A medida revisa uma orientação da FDA emitida em fevereiro, que recomendou o teste do sangue doado apenas em "áreas com transmissão ativa do vírus zika", como algumas localidades da Flórida.

Mas agora, com o aumento de casos de transmissão sexual do vírus, e considerando que as pessoas infectadas muitas vezes não apresentam sintomas, salvaguardas ainda mais rigorosas são necessárias em todo o país, disse a FDA.

"A FDA está atualizando sua orientação após uma consideração cuidadosa de todas as evidências científicas disponíveis, consultas a outras agências de saúde pública, e levando em consideração as potenciais consequências graves da infecção pelo vírus zika para a saúde de mulheres grávidas e crianças nascidas de mulheres expostas ao vírus zika durante a gravidez", disse um comunicado da agência.

A infecção pelo zika é particularmente perigosa para as mulheres grávidas, visto que o vírus pode causar malformações congênitas em fetos em desenvolvimento, como a microcefalia.

Mais de 2.500 pessoas foram diagnosticadas com zika nos Estados unidos, e mais de 9.000 em territórios americanos fora do continente, como Porto Rico, segundo os Centros de Controle e Prevenção de Doenças (CDC).

A maioria desses casos foi trazida por pessoas que foram infectadas durante viagens ao exterior.

De acordo com a Organização Mundial da Saúde, 53 países ao redor do mundo relataram surtos de zika desde 2015.

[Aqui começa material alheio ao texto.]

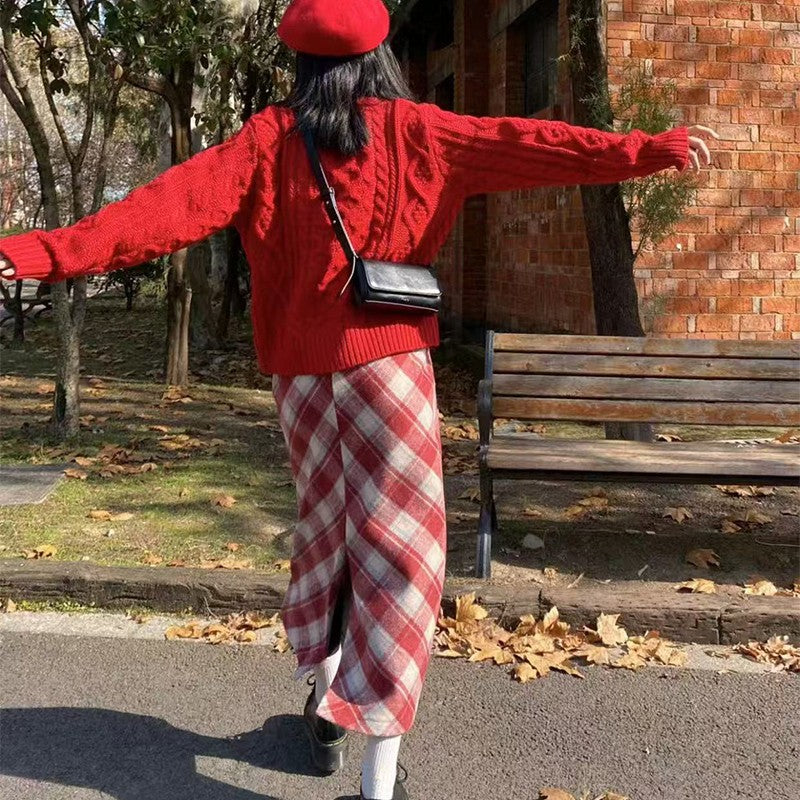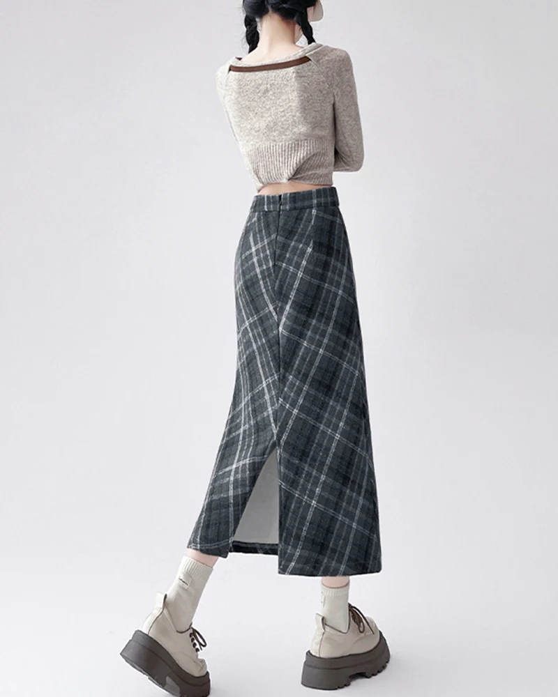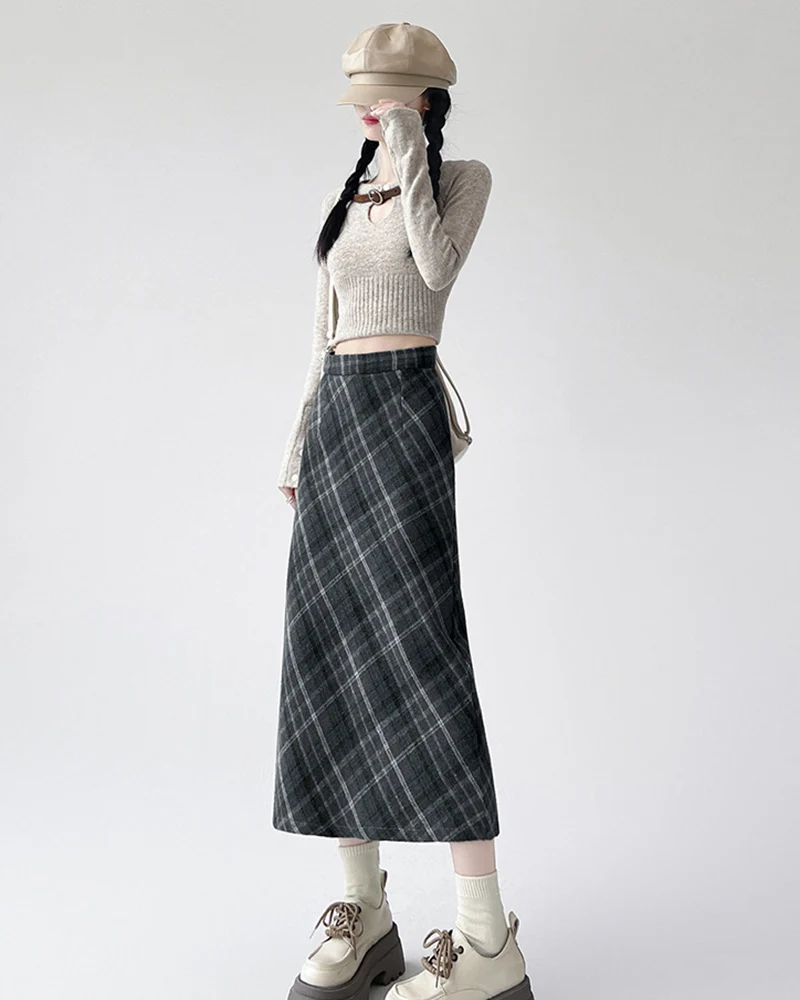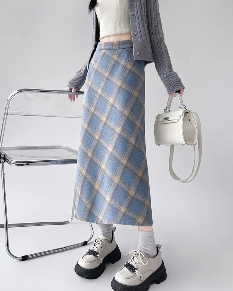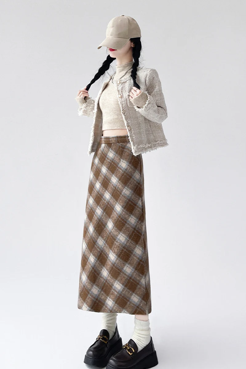 2025 Autumn Vintage Woolen Plaid Skirts Lady Elegant High Waist Slimming A-Line Skirt Women Korean Streetwear Slit Long Skirt

Autoridades da Flórida anunciaram no final de julho seus primeiros casos de zika transmitidos localmente, e atualmente há registros de 43 infecções.

"O teste do sangue doado já está ocorrendo na Flórida e em Porto Rico, bem como em outras áreas, e tem mostrado ser benéfico para a identificação de doações infectadas com o vírus zika", disse o comunicado da FDA, acrescentando que a medida estará em vigor até que o risco de contágio por transfusão seja reduzido.

Transmissão sexual

O zika é transmitido principalmente pela picada do mosquito , mas também por contato sexual.

Os CDC anunciaram nesta sexta-feira o primeiro caso conhecido de um homem que tinha zika sem saber, visto que não apresentou sintomas, e que infectou sua parceira durante o sexo sem proteção.

Quatro em cada cinco pessoas que contraem o zika não apresentam os sintomas comuns da doença, como febre, dor nas articulações e olhos vermelhos.

"À medida que novas informações científicas e epidemiológicas sobre o vírus zika se tornaram disponíveis, ficou claro que medidas de precaução adicionais são necessárias", disse Luciana Borio, cientista-chefe da FDA.

"Estamos emitindo orientações revisadas para implementação imediata, a fim de ajudar a manter a segurança do suprimento de sangue dos Estados Unidos", completou.